Arya Burke, a 21-year-old Sunrise organizer who was arrested on Tuesday, told Gothamist that she felt it was "ridiculous" that Schumer would brush aside his own constituents. "We don't think we're being unreasonable," she said. "He's criticized the GOP and Mitch McConnell for not having a climate plan, but he's given us no response about our plan."

In its current form, the Green New Deal is a four-part stimulus program that promises to shift the country away from fossil fuels and toward 100 percent renewable energy by 2030, while creating thousands of living-wage jobs focused on the required economic and social mobilization. The proposal has energized young progressive and longtime climate advocates alike. Many have argued that it represents the first serious pathway to achieving the "rapid, far-reaching and unprecedented changes in all aspects of society" that the scientific community now says will be required to stave of catastrophic climate change.

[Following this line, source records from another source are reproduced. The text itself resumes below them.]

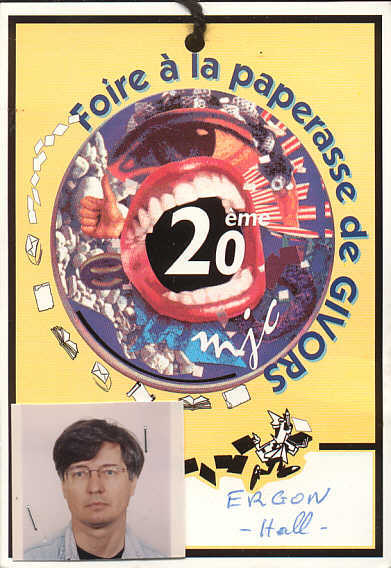 BADGE ENTRÉE PERMANENTE DE LA 20ème FOIRE À LA PAPERASSE - M.J.C. - GIVORS 1998
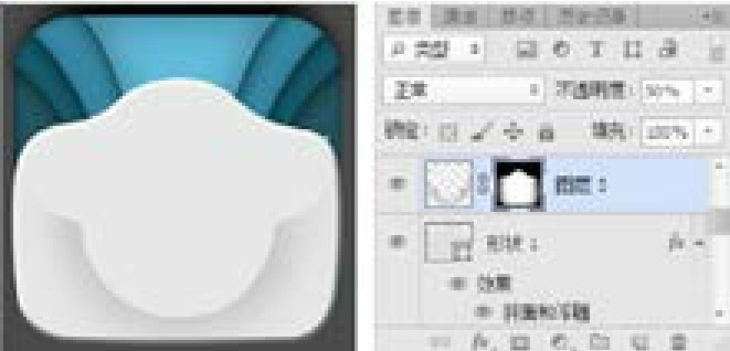 ⑤按住Ctrl键单击“圆角矩形1”,将图像载入选区。单击“添加图层蒙版”按钮,将选区载入蒙版(图3.183)。
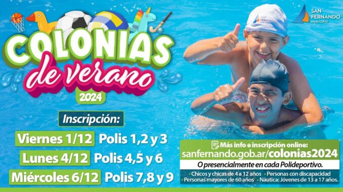El Municipio de San Fernando inició la inscripción a las Colonias de Verano 2024 de forma digital ingresando a www.sanfernando.gob.ar/colonias2024o presencial acercándose a los Polideportivos municipales. El proceso tiene 3 fechas como punto de partida según cada sede: Desde el viernes 1/12: Polis N°1, N°2 y N°3. Desde el lunes 4/12: Polis N°4 (Personas Mayores), N°5 y N°6. Desde el miércoles 6/12: Polis N°7, N°8 y N°9

Thus far, neither Schumer nor House Speaker Nancy Pelosi have come out in support of the proposal. While Pelosi has openly mocked the idea—"the green dream, or whatever they call it"—Schumer has seemingly avoided public discussions of the Green New Deal altogether.

A spokesperson for Schumer's office, Paige Tepke, declined to clarify the senator's position on the resolution to Gothamist, but offered to send us some information on background. That email touts Schumer's plans to put Senate Democrats on the offensive against climate change—something he recently told the Times as well—but makes no mention of the Green New Deal resolution. The spokesperson did not respond to follow-up questions about Schumer's support.

Earlier today, Schumer and Pelosi reportedly reached a tentative agreement with President Trump on a $2 trillion infrastructure plan. The two Democratic leaders were said to arrive at the White House with a "big bold" list of climate policies, though it's unclear whether any of those proposals were included in the agreement.

UPDATE: Angelo Roefaro, a spokesperson for Schumer's office, said in a statement that the senator "supports the goals and aspirations of the Green New Deal, believes the Sunrise Movement deserve enormous credit in elevating the climate crisis in the national dialogue, and looks forward to working with them to advance ambitious policies to reduce fossil fuel pollution and confront the enormous challenge of climate change."

The statement continued: "If he becomes Majority Leader, he would make passing an ambitious climate bill a top priority." The spokesperson would not elaborate on how that climate bill would differ from the Green New Deal.